And those conservative lawyers aren’t waiting for McCutcheon to be decided before they tee up their next assault — this time on rules against corporations contributing to candidates.
Last week, Indiana attorney Jim Bopp Jr., on behalf of the Iowa Right to Life Committee, asked the U.S. Supreme Court to review Iowa’s ban on political contributions by corporations. Bopp says Iowa’s rules, which allow labor unions to give but prohibit corporations from donating to candidates, violates the Fourteenth Amendment’s equal protection guarantee, along with the right to free speech.
“There’s a really important fairness issue here,” Bopp said in an interview. “Targeting corporations and permitting unions betrays a real partisan agenda, and if we’re going to have these kinds of laws, they’re going to have to, in my view, treat corporations and unions similarly.”
This isn’t Bopp’s first attempt to overturn a ban on corporate contributions. In 2003, Bopp argued before the Supreme Court that North Carolina Right to Life’s right to free speech was infringed by the Federal Election Campaign Act. The Court ruled against Bopp, in a 7-2 opinion authored by Justice David Souter which held that prohibiting direct contributions from nonprofit corporations was consistent with the First Amendment.
(Bopp was the original attorney arguing on behalf of Citizens United, though former Solicitor General Ted Olson and attorney Floyd Abrams argued the case before the Supreme Court.)
Bopp said he thinks the focus on the equal protection element of the case will make it more attractive to the Supreme Court. The court’s decision in Citizens United, Bopp said in a statement, means “there is no justification for banning corporate political contributions because corporations may not be treated differently from other entities. And this is doubly true where Iowa allows labor union contributions, but not corporate contributions.”
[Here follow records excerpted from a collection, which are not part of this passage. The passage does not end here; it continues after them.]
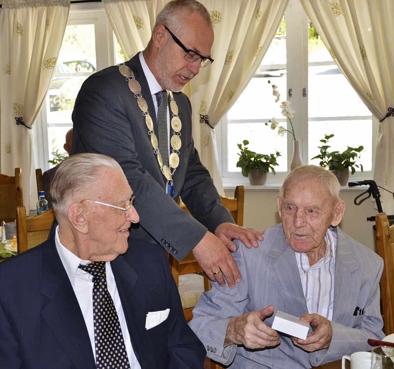 14 av de 21 bosatt i Larvik var tilstede og mottok hver sin Minnemedalje av Ordfører Rune Høiseth. 1. rekke fra venstre: Synnøve Thvedt Fønhus, Thorleif Hansen, Gudrun Therese Kjølnes, Helge Victor Andresen, Torger Bakkene og Ole Hedvard Holm. 2. rekke fra venstre: Leif Steinsholt, Jacob Rauan, Egil Roar Lunde, Baard Helle, Kaare Olsen, Jan Thomas Høeg, Jens Eidsten og Thor Rauan. I tredje rekke står representanter fra Larvik Forsvarsforening, Larvik Sjømannsforening, Heimevernet og Ordfører Rune Høiseth. Disse var forhindra fra å være tilstede og vil få sine velfortjente medaljer utdelt seinere: Ingvald Wahl, Trygve Laheim, Finn Hagen, Gunnar Foldvik, Odd Steinsholt, Liv Kathe Tvedten og Åse Marie Østby Døvle.
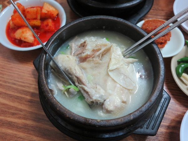 市场信息服务点给了我们精确的信息,毫不费力的找到了这里唯一的参鸡汤店,我们不敢去北村参鸡汤排队,就在这里的小街道上解决一下,没有伙计只有一个老婆婆的店,不会英语但不会阻碍我们的交流,好吃的参鸡汤,糯香的糯米,老婆很喜欢。
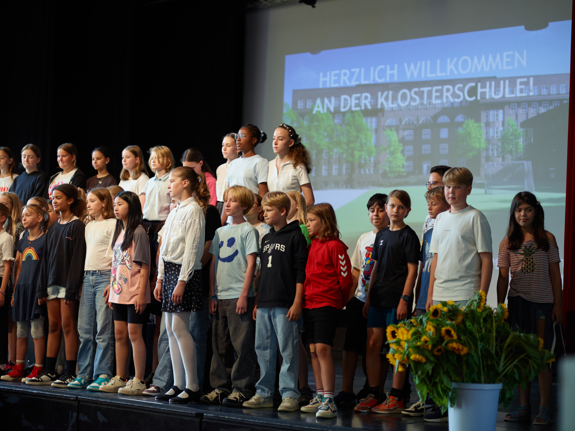 Am vergangenen Montag wurden an der Klosterschule vier neue fünfte Klassen eingeschult. Die neugierigen Kinder, die sich auf ihren ersten Schultag freuten, wurden von ihren Familien begleitet. Besondere Höhepunkte waren die Tanz-und Choraufführung der 6. und 7. Klassen, die mit ihrem Auftritt alle Anwesenden begeisterten. Mit strahlenden Gesichtern und einem herzlichen Applaus für die Darbietungen klang die Veranstaltung aus und hinterließ bei allen Beteiligten eine freudige Erwartung auf die kommenden Schuljahre.
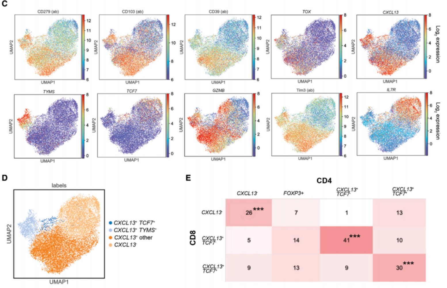 对15332个肿瘤浸润CD8+T细胞的单细胞多组学分析显示,其可聚类为4个亚群,主要表达PD-1/CD103/CD39,且部分CD8+T细胞同样表达CXCL13,分为TYMS+和TCF+亚型,与CXCL13+CD4+T细胞的亚群特征高度相似,提示二者可能存在相似的分化调控机制。
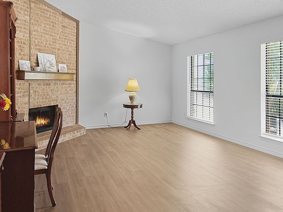 Step into this charming home with storybook curb appeal. This darling 3-bedroom, 2 bath home blends classic charm with modern convenience. Nestled in a friendly neighborhood just minutes from shopping, dining and everyday essentials, this gingerbread-style home features eye catching curb appeal with an inviting interior. Enjoy the spacious living area with a beautiful floor to ceiling brick fireplace, an eat-in kitchen with quartz countertops and comfortable bedrooms, perfect for families or first-time homebuyers. The fully fenced in backyard offers a great place to enjoy the kids, pets or weekend gatherings. The front yard has a peach tree and a pecan tree, perfect for baking those pies or making cobbler. There is so much to love about this home so schedule your appointment today. No survey, buyer will need to purchase a new one if needed. All information deemed reliable but not guaranteed. Buyer to verify all information.
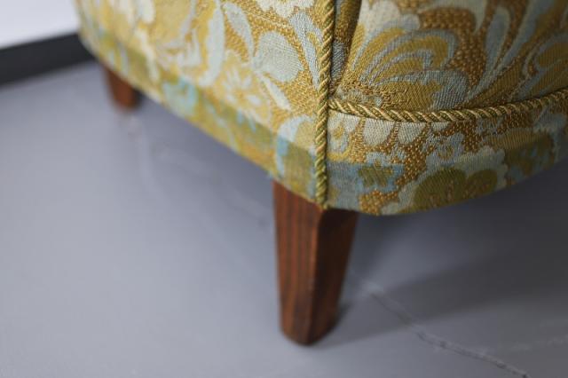 北欧デンマーク買付便の一人がけソファーです。クラシカルな雰囲気の花柄ファブリックが雰囲気を上げてくれます。コンパクトサイズでスペースをあまり使わずにセッティングできます。
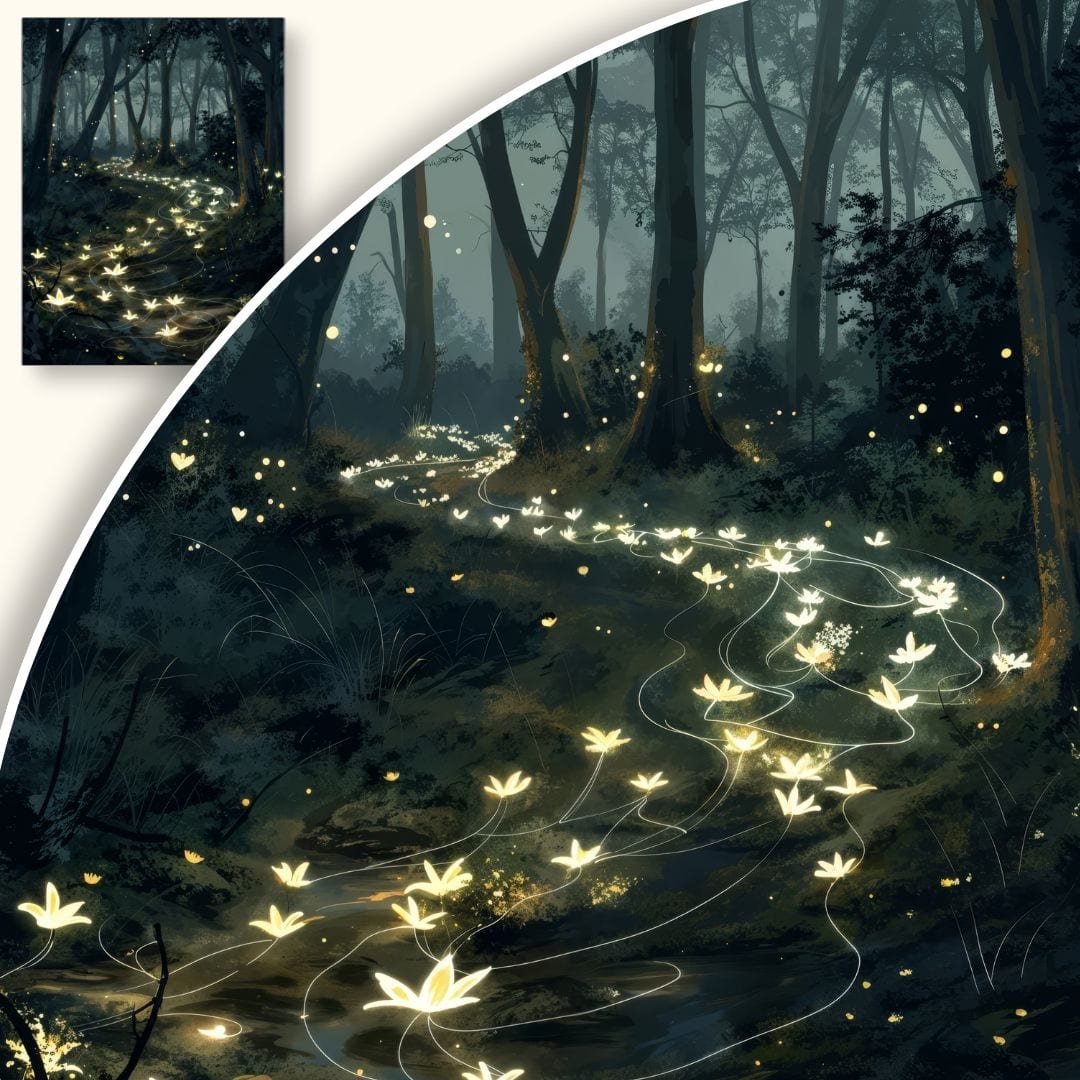 Kompozycja wizualnie prowadzi wzrok widza w głąb leśnej ścieżki otulonej drzewami. Przewagę stanowią ciemne odcienie zieleni i głębokiej czerni, które kontrastują z jasnym, żółtym światłem świetlików. Te subtelne akcenty świetlne ożywiają całość, tworząc wrażenie spokoju połączonego z nutą tajemnicy.
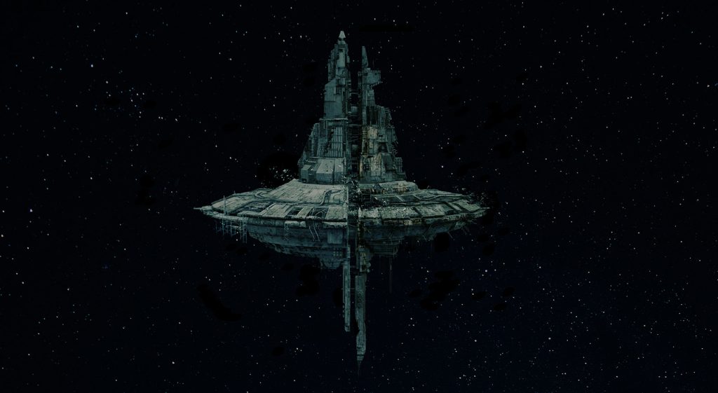 Under this ethos, the main challenge for Sepulveda-Fauser, as well as production visual effects supervisor Eric Barba, was matching ILM’s visual effects to Legacy’s practical work; if they were successful, audiences would not be able to tell where one stopped and the other started. This includes not just creatures, but sets and starships. Álvarez had the model shop create miniatures of the Corbelan ship, research center, and the EV, which Sepulveda-Fauser used to create digital replicas for the movie. “The tricky part was keeping the character of a practical model in the close-ups,” he notes.
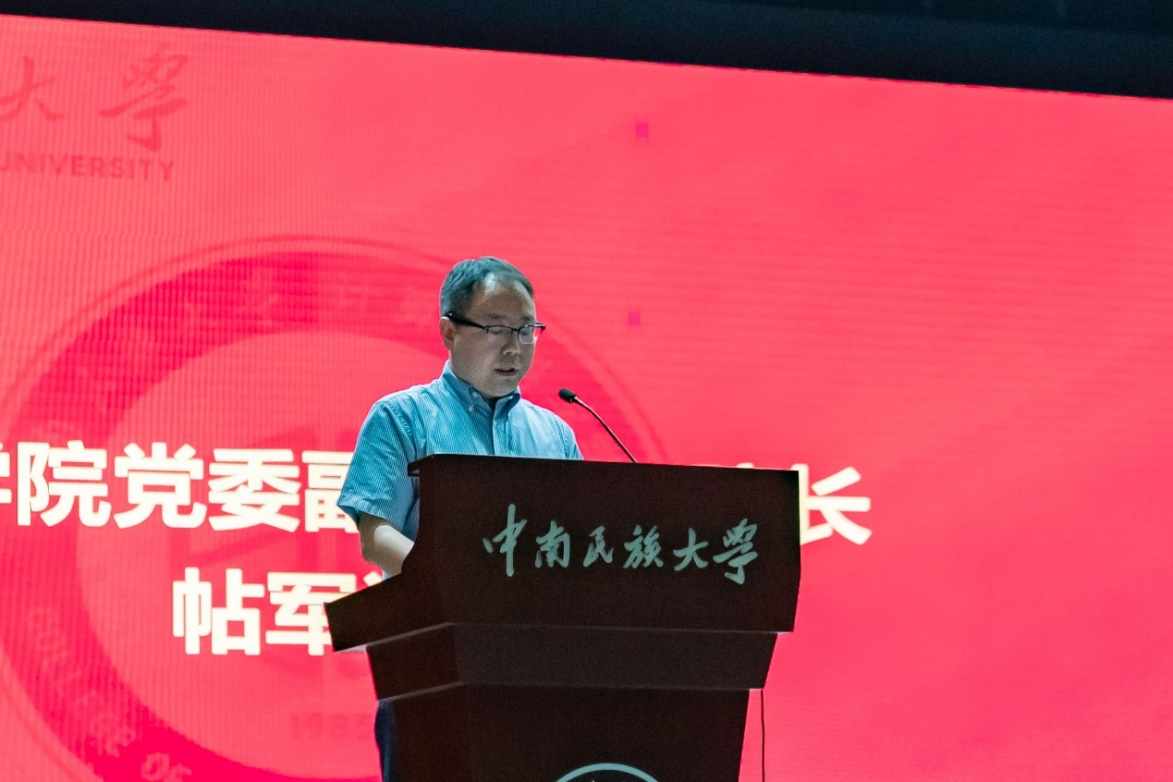 开学典礼在雄壮的国歌声中拉开帷幕,学院党委副书记、院长帖军代表领导班子讲话,他从办学规模、专业覆盖面、未来就业、学生创新团队和班导师制度等五个方面向同学们介绍了学院的基本情况,希望同学们在大学中永远保持一颗开放的心态、求知的心态、进取的心态,努力找到适合自己成长的土壤。
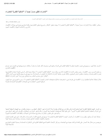 ﺎﯾﺟوﻟوﻧﻛﺗﻟا مادﺧﺗﺳا ﺔﯾﻣھﺄﺑ ﻲﻋوﻟا رﺷﻧﻟ ةدﯾدﺟ ﺔطﺣﻣ "ءارﺿﺧﻟا ﺔﯾرﻛﻔﻟا ﺔﯾﻛﻠﻣﻟا" رﺎﺳﻣ لﺛﻣﯾ :يرﺋادﻟا دﺎﺻﺗﻗﻼﻟ تارﺎﻣﻹا سﻠﺟﻣ سﯾﺋر ،دﺎﺻﺗﻗﻻا رﯾزو ،يرﻣﻟا قوط نﺑ
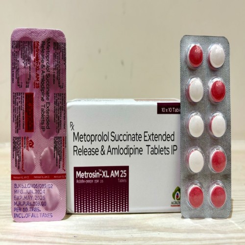| Description: | METROSIN XL AM 25 Tablet is a fixed-dose combination of Metoprolol Succinate 23.75mg (ER, equivalent to Metoprolol Tartrate 25mg) and Amlodipine Besylate 5mg, designed for effective management of hypertension and certain cardiovascular conditions. Metoprolol Succinate (ER 25mg) is a beta-1 selective blocker that reduces heart rate, myocardial oxygen demand, and blood pressure. Amlodipine 5mg is a calcium channel blocker that relaxes blood vessels, reduces vascular resistance, and improves blood flow. The combination provides complementary mechanisms to control blood pressure, prevent angina, and reduce cardiovascular risk, while simplifying therapy with once-daily dosing. |
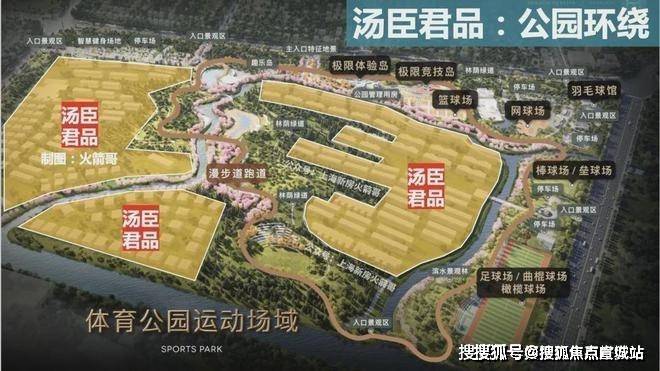 汤臣君品外围和中心,均被东郊体育公园所环抱.

The fight to overturn bans on corporate contributions is an uphill battle. Bopp has already lost the argument in U.S. District Court and the 8th Circuit Court of Appeals. But the Colorado Supreme Court ruled in 2010 that the equal protection clause barred the state from permitting union contributions but not corporate contributions. The split decisions, Bopp said, creates a need for the Supreme Court to weigh in.
The case applies to state bans on corporate spending, not the federal ban. Most states prohibit corporations from directly contributing to candidates. But if the Supreme Court sides with Bopp, those state limits, and perhaps even federal limits, could be next to fall.
The odds of Iowa’s ban on corporate contributions are long. But with limits on outside spending gone, and limits on aggregate contributions under assault, it is the logical next step in the decade-long conservative attempt to loosen campaign finance restrictions.